[The data]
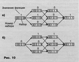 Рассмотрим теперь поведение выходного сигнала той же функции при многоместной смене наборов. Пусть набор 0 переходит в набор 7. Так как все переменные изменяются, а моменты их изменения в общем случае неизвестны, то возможны различные переходы от набора 0 к набору 7 (см. рис. 10, а). Есть единственный путь смены наборов: 0->2->6->7, при котором не будет статического риска сбоя, так как у(Х1=0) = у(Х2=7) = 1. Во всех остальных случаях будет статический риск сбоя в единице S1, причем никакими аппаратными средствами устранить его нельзя, так как значения выхода на промежуточных наборах определяются характером самой функции. По тем же причинам при переходе от набора X1 = 1, на котором у(Х1) = 0, к набору X2 = 6, на котором у(Х2) = 1, возможен путь смены наборов: 1 ->0->4->6, когда имеет место динамический риск сбоя D+, также определяемый характером самой функции. Во всех остальных случаях смены наборов будет чисто алгоритмический переход 01 (см.рис. 10, б). Риски сбоя, проявляющиеся при многоместной смене наборов и определяемые характером самой функции, называются функциональными. Такие риски сбоя не могу быть устранены изменением логической структуры, реализующей булеву функцию.
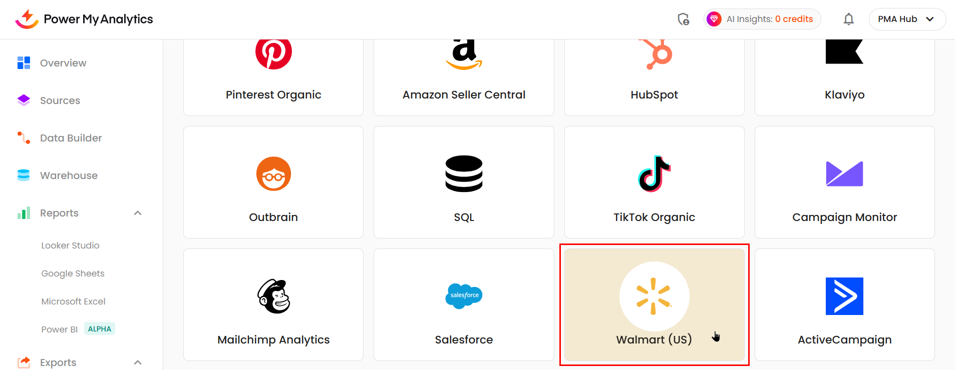 Follow these steps to connect your Walmart Seller Center account to Power My Analytics:
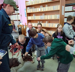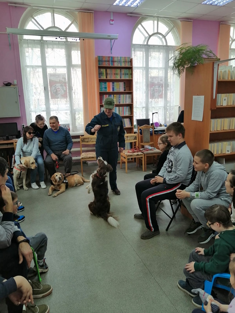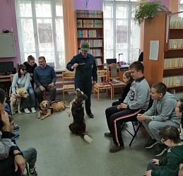Встреча началась с беседы-общения о военных профессиях собак в годы Великой Отечественной войны, об уникальной собаке-минёре Джульбарсе, награжденной медалью «За боевые заслуги». Четвероногие верные друзья человека продолжают нести службу и в мирное время, как бордер-колли Наоми с кинологом ГУ МЧС России Еленой Никитиной.
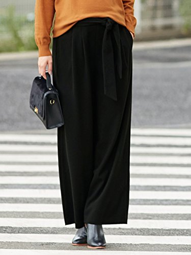 Angeliebe エンジェリーベ マタニティ パンツ 起毛ポンチ リボン付き ワイドパンツ 妊婦服 産前 産後 アジャスター調節可 M ~ L ブラック 22224 22224302
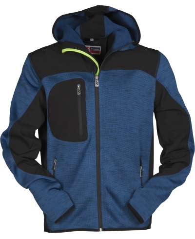 Taillierte Herren-Jacke mit langem versiegeltem SBS-Reißverschluss, vorgeformter Kapuze mit zwei Nähten, feinem Saum an Handgelenk und Taille, zwei Seitentaschen mit Reißverschluss, einer Brusttasche und schwarzen Strick- und Softshell-Einsätzen
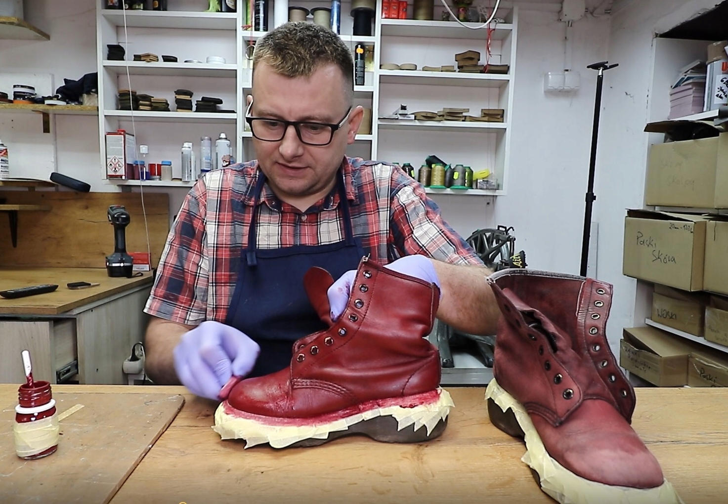 В даному випадку 3 шари фарби вистачило, щоб перефарбувати елементи взуття та написати літеру «М» :)
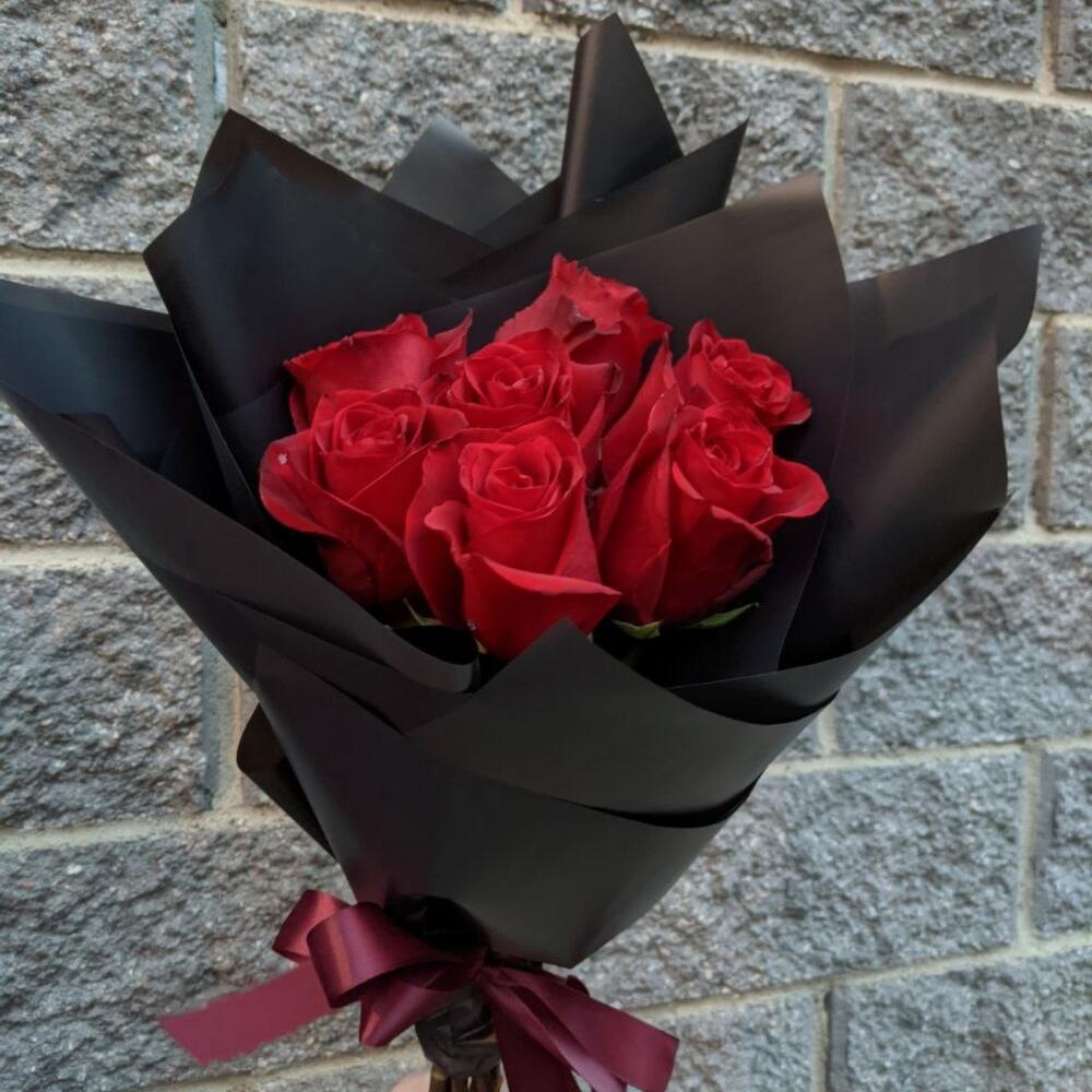 роза эквадор красная 70 см – 7 шт.черная корейская пленка – 2 шт.Атласная лента – 1 шт.
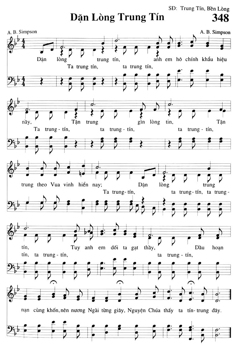 1. Dặn lòng trung tín, anh em hô chính khẩu hiệu này, Tận trung gìn lòng tin, ta trung tín, ta trung tín, ta trung tín, trung theo Vua vinh hiển nay; Dặn lòng trung tín, ta trung tín, ta trung tín, ta trung tín, Tuy anh em dối ta gạt thầy, Dầu hoạn nạn cùng khốn, nên nương Ngài từng giây, Nguyện Chúa thấy ta tín- trung đây. 2. Dặn lòng trung tín, anh em hô chính khẩu hiệu này, Tận trung gìn lòng tin, ta trung tín, ta trung tín, ta trung tín, trung theo Vua vinh hiển nay; Dặn lòng trung tín, ta trung tín, ta trung tín, ta trung tín, Tuy anh em dối ta gạt thầy, Dầu hoạn nạn cùng khốn, nên nương Ngài từng giây, Nguyện Chúa thấy ta tín- trung đây. 3. Dặn lòng trung tín, anh em hô chính khẩu hiệu này, Tận trung gìn lòng tin, ta trung tín, ta trung tín, ta trung tín, trung theo Vua vinh hiển nay; Dặn lòng trung tín, ta trung tín, ta trung tín, ta trung tín, Tuy anh em dối ta gạt thầy, Dầu hoạn nạn cùng khốn, nên nương Ngài từng giây, Nguyện Chúa thấy ta tín- trung đây.
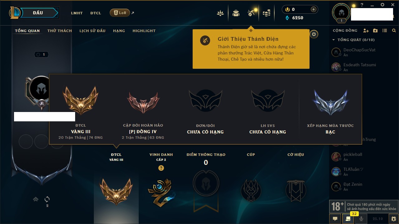 Rank Đơn: Chưa rank mùa nàoKhung: Chưa có khungTướng: 0 - Còn 6300 THXTrang Phục: 0Rank ĐTCL: Bạc IIILinh Thú: 3
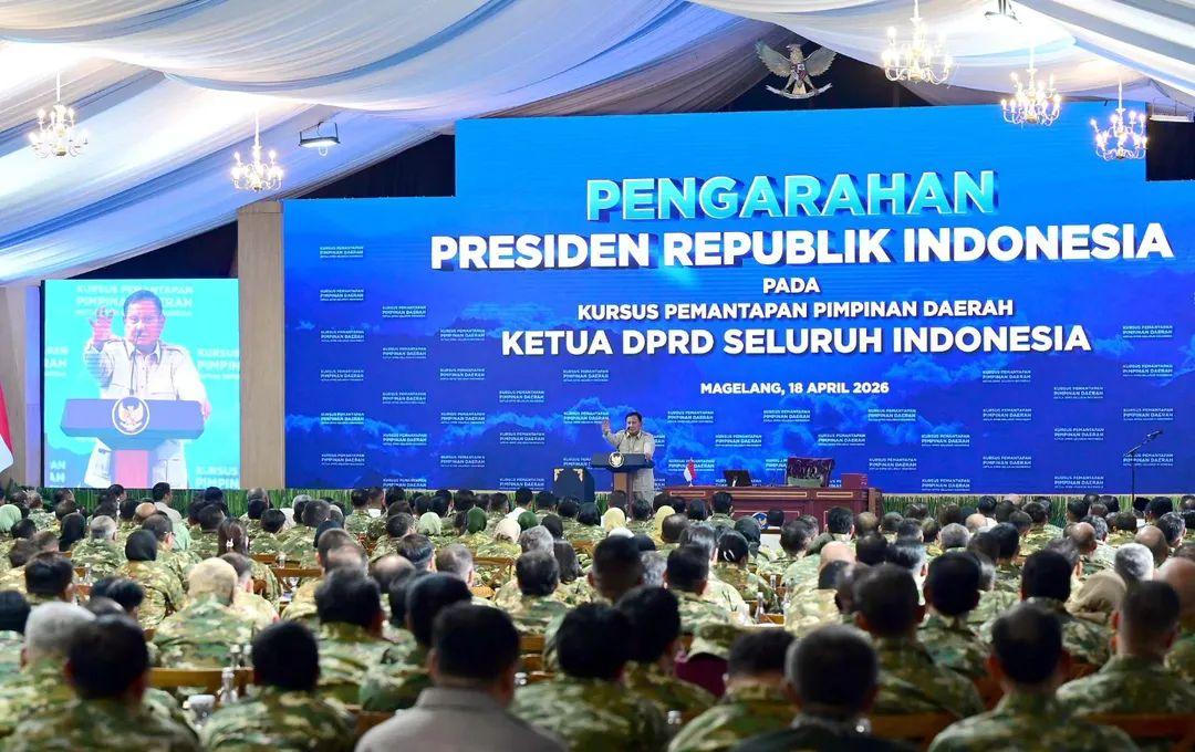 BANGKATERKINI - Presiden Prabowo Subianto memberikan pengarahan langsung kepada 503 Ketua Dewan Perwakilan Rakyat Daerah (DPRD) dari seluruh penjuru Tanah Air dalam acara Kursus Pemantapan Pimpinan Daerah (KPPD) di Lembah Tidar, Akademi Militer Magelang, Jawa Tengah, pada Sabtu, 18 April 2026.
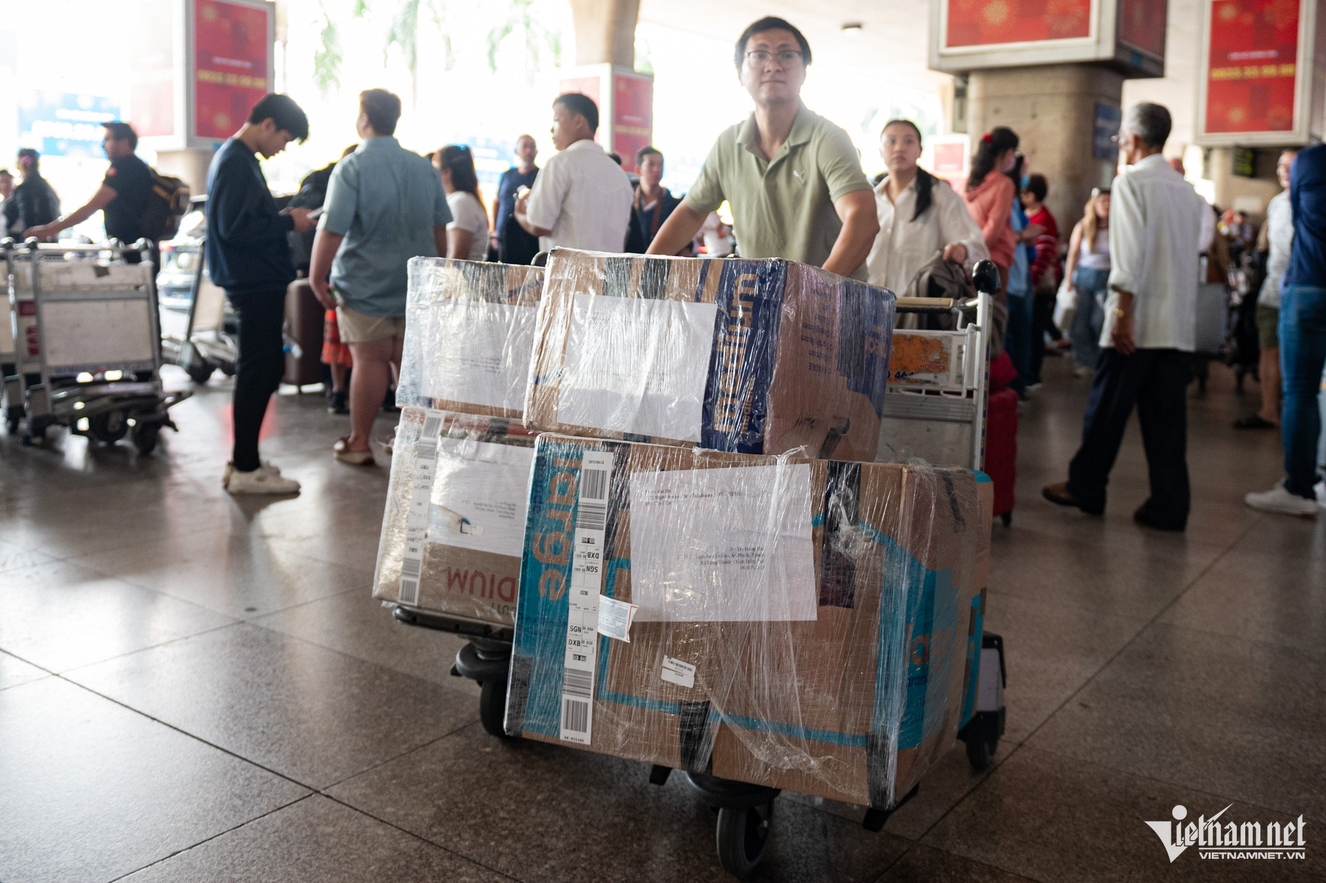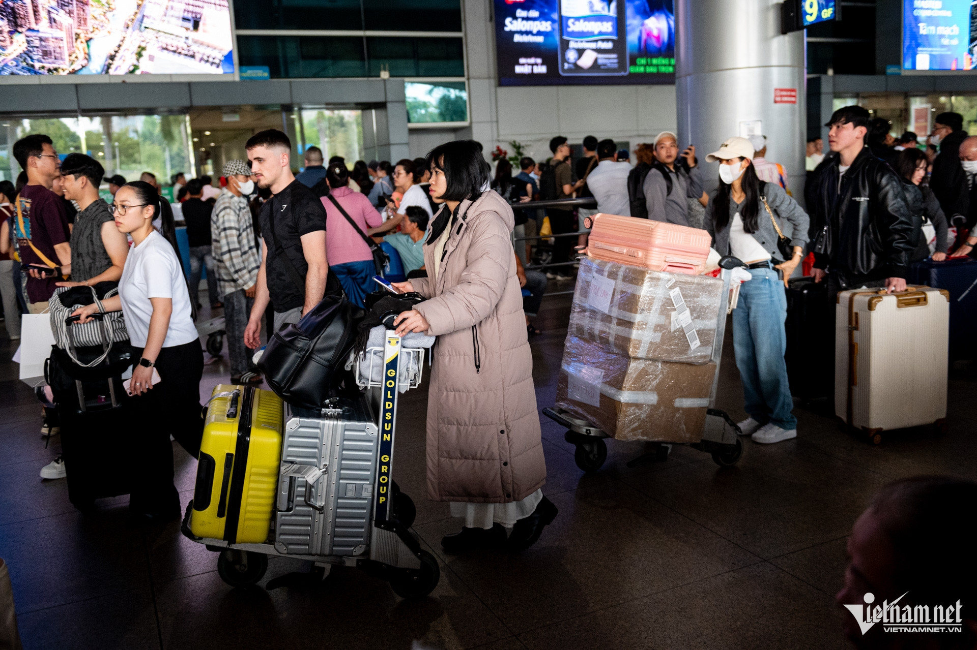 Chiều 10/2 (23 tháng Chạp), nhà ga quốc tế, sân bay Tân Sơn Nhất, TPHCM nhộn nhịp hơn thường lệ khi nhiều chuyến bay từ Mỹ, Canada, Australia, Hàn Quốc, Nhật Bản… chở nhiều bà con Việt kiều về quê ăn Tết liên tục hạ cánh.
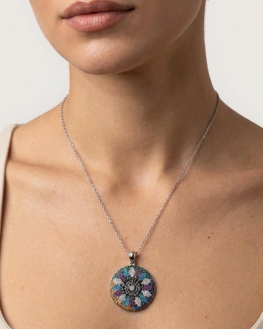 Multicolor Floral Medallion Pendant Necklace Set – 925 Sterling Silver
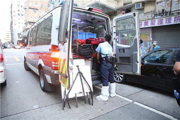 警員穿上鞋套進入涉案單位搜證
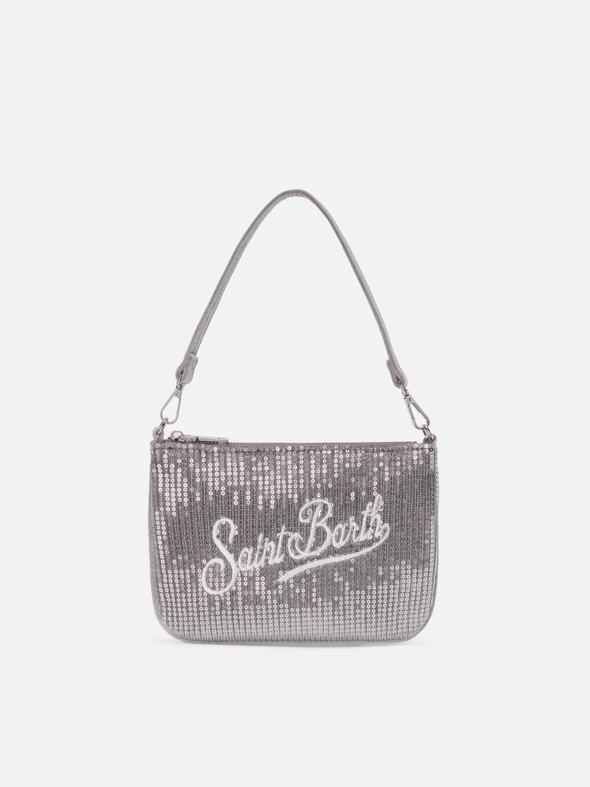 Borsetta a spalla Parisienne Mini Velvet grigia con paillettes
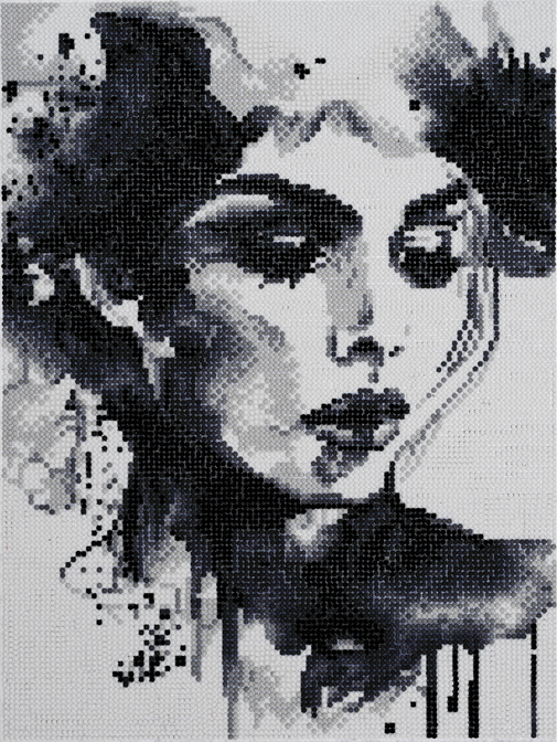 Panduro Diamond Painting er litt maling etter tall, litt perling, litt hobbyprosjekt og mye presisjon! Kunstformen kalles også diamantmaling og diamond art. Motivet i kitet er spennende ansikter i svart og hvitt som minner om akvarell- eller blekkmaling. Motivet er trykt på en 30×40 cm stor vev med tall. Dessuten følger det med applikator, silikon, skål og flere poser med små, fargede halvkuler / «diamanter» av plast med diameter ca. 2 mm. Velg en farge, fyll skålen, dra av beskyttelsesplasten og så er det bare å begynne å male. Trenger du en pause, må du huske å sette på plasten igjen.
[/The data]
» About this task
Please repeat, exactly as written, the lines in the records above, starting with the one that has "Rank Đơn: Chưa" and going on through the one that has "BANGKATERKINI - Presiden". Pictures are to be left out.

» Answer to this task
 Rank Đơn: Chưa rank mùa nàoKhung: Chưa có khungTướng: 0 - Còn 6300 THXTrang Phục: 0Rank ĐTCL: Bạc IIILinh Thú: 3
 BANGKATERKINI - Presiden Prabowo Subianto memberikan pengarahan langsung kepada 503 Ketua Dewan Perwakilan Rakyat Daerah (DPRD) dari seluruh penjuru Tanah Air dalam acara Kursus Pemantapan Pimpinan Daerah (KPPD) di Lembah Tidar, Akademi Militer Magelang, Jawa Tengah, pada Sabtu, 18 April 2026.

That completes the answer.